I'm not sure if I'm interpreting the question correctly but I am reading it as follows.
Suppose that $D:\mathbb{R}\rightarrow\mathbb{R}$ is a polynomial with real coefficients. Does there exist a polynomial $H:\mathbb{R}\rightarrow\mathbb{R}$ such that $D(x)=H(x)+H(x-1)$.

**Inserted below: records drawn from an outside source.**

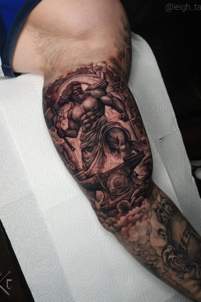 This masterful tattoo portrays a Greek god, likely Hephaestus, working at his forge, a symbol of craftsmanship, resilience, and creation.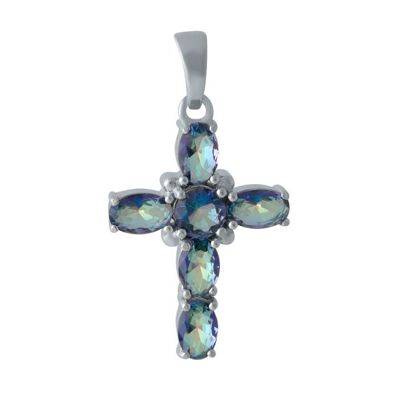 Подвеска крестик 925 пробы с мистик топазом. Вес украшения 2,68г. Физический размер изделия (высота*ширина): 30x17мм. Страна происхождения: Индия.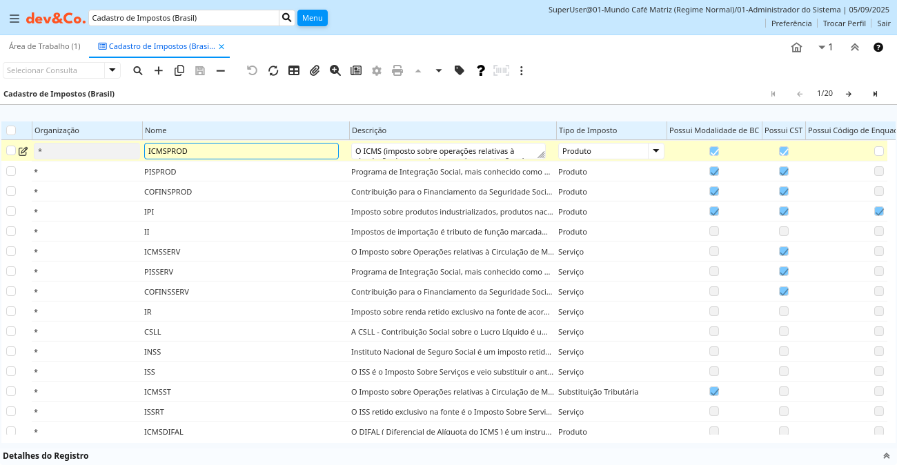 Aba: Cadastro de Impostos (Brasil)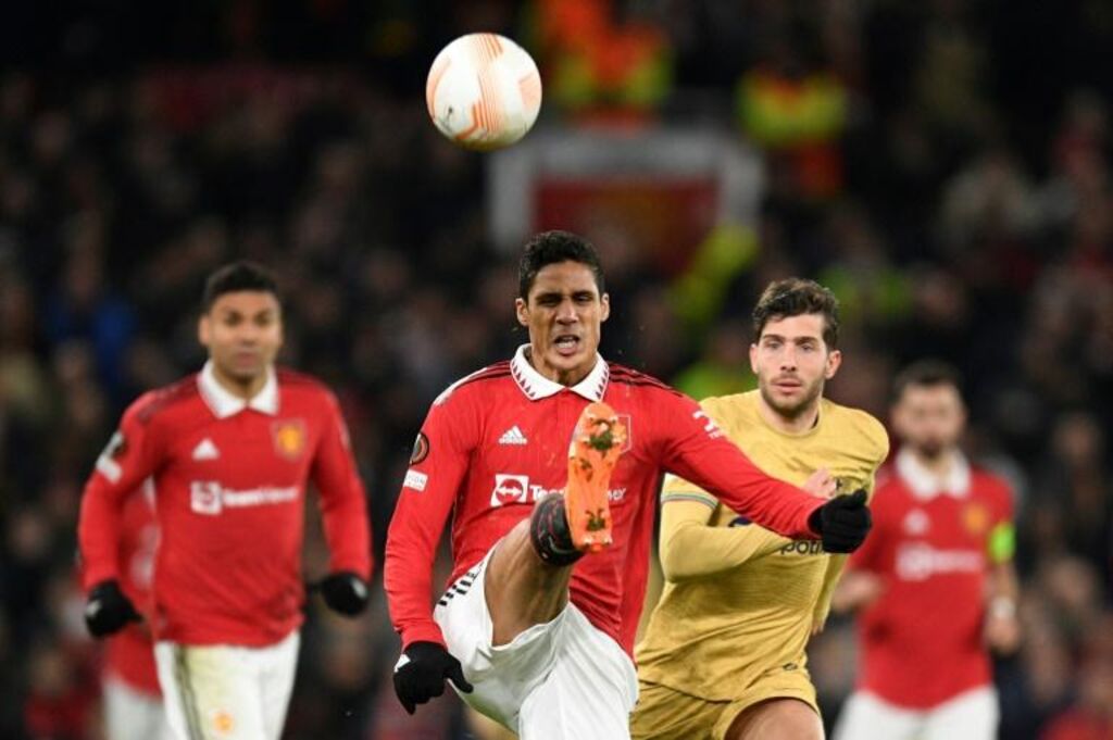 | Le défenseur de Manchester United, Raphaël Varane, contre Barcelone, le 23 février à Manchester. |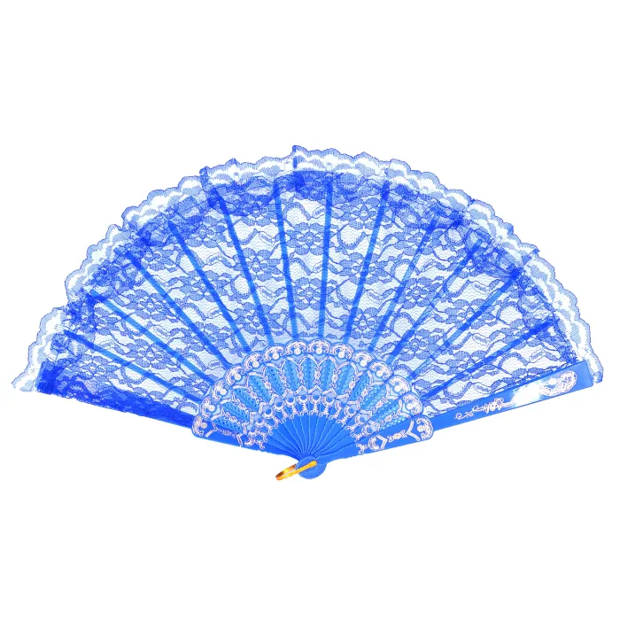 Веер, ткань + пластик, 23х42см, цвет синий VR020-03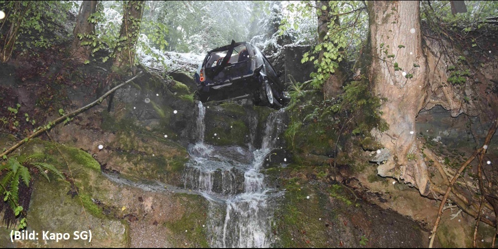 Der 43-Jährige fuhr mit seinem Auto in Richtung Bernhardzell. Auf der schneebedeckten Strasse verlor er die Kontrolle über sein Auto. Dabei fuhr er über den rechten Strassenrand hinaus und rutschte eine steile Böschung hinunter. Dabei überschlug es das Auto und kam schlussendlich auf den Rädern, im Bachbett des Giessbachs, zum Stillstand. Der 43-jährige konnte sein Auto selber verlassen. Er wurde durch einen Rettungswagen mit unbestimmten Verletzungen ins Spital gebracht. Durch den Unfall entstand ein Sachschaden von mehreren tausend Franken.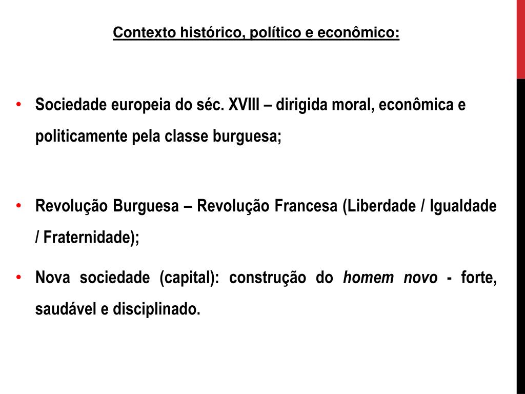 Contexto histórico, político e econômico: • Sociedade europeia do séc. XVIII – dirigida moral, econômica e politicamente pela classe burguesa; • Revolução Burguesa – Revolução Francesa (Liberdade / Igualdade / Fraternidade); • Nova sociedade (capital): construção do homem novo - forte, saudável e disciplinado.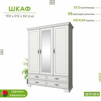 Производитель из Белоруссии Anrex оснастил ящики направляющими полного выдвижения. Они создают плавный, бесшумный ход и равномерно распределяют нагрузку. Трехстворчатый шкаф 3D4SZ подойдет для хранения разного типа вещей: белья, длинной сезонной одежды, головных уборов и аксессуаров. Он отлично выполняет свою функцию в спальне, прихожей и детской комнате. Несмотря на классическое оформление, такая мебель идеально впишется в современные интерьеры.
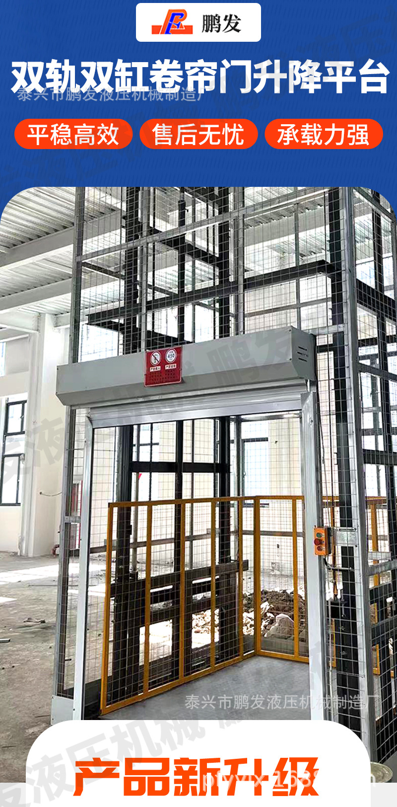 推荐理由:室内双轨双缸液压升降货梯加联动卷帘门导轨式液压升降装卸货平台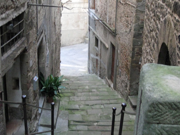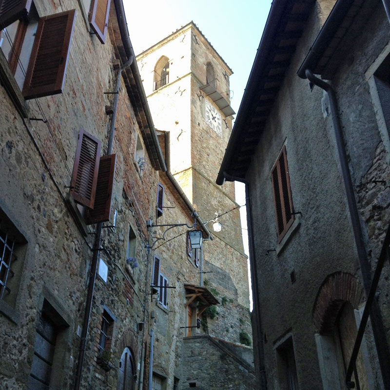 Strette strade e scalinate con antiche costruzioni in pietra accompagnano il visitatore offrendogli scorci pittoreschi tra slarghi, piazzette arcate e vicoli fino alla torre dell’Orologio detta Campano iniziata nel 1234: il nome le deriva dalla presenza di una campana proveniente dal castello di Montauto come ricorda l’iscrizione che reca incisa.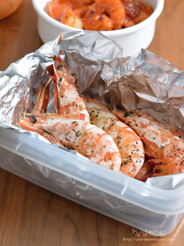 1.魚焼きグリルにアルミホイルをしき、えびを並べる。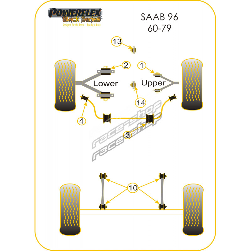 Powerflex Bucșă braț față superior Saab 96 (1960-1979)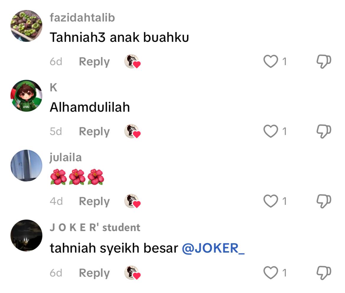 “Kebetulan dia grad, rezeki Allah beri melalui hadiah ni. Bila dah sampai waktunya, Allah jemput dengan cara masing-masing,” tulisnya.

Let $D(x)=\sum_{i=0}^na_ix^i$ ($a_n\neq0$). It's pretty clear that we need $H(x)$ to be of degree $n$ also. Let $H(x)=\sum_{i=0}^nb_ix^i$. Now
$H(x)+H(x-1)=\sum_{i=0}^n(b_ix^i+b_i(x-1)^i)$ $=\sum_{i=0}^n\left(b_ix^i+b_i\left(\sum_{j=0}^i{i\choose j}x^{i-j}(-1)^j\right)\right)$
Now we can ask the question what is the coefficient of $x^m$? Now the indices $i$, $j$ satisfy $0\leq j\leq i\leq n$. Hence for the $x^{i-j}$, we need $i-j=m$. This can only happen for $(i,j)\in{(m,0),(m+1,1),\dots,(m+(n-m),n-m)}$. Introduce the index $l=0,1,\dots,n-m$. Using this we can write the coefficient of $x^m$ and hence we solve the system of equations
$a_m=b_m+\sum_{l=0}^{m-n}b_{m+l}{m+l\choose l}(-1)^{m+1}$ for $m=0,1,\dots,n$.
These are equations of the form
$a_m=\sum_{k=m}^n\alpha^m_{k}b_k$. $(*)_m$
Hence the equation $a_n=\alpha^m_nb_n$ determines $b_n$ and we can solve sequentially for $b_{n-1},b_{n-2},\dots,b_0$ so that when we solve the $(*)_m$ the $b_k$ for $k>m$ have already been found. This implies that $H$ is in fact unique.
I hope this is what you were looking for and sorry it's a bit messy --- it's 2 a.m. in Ireland!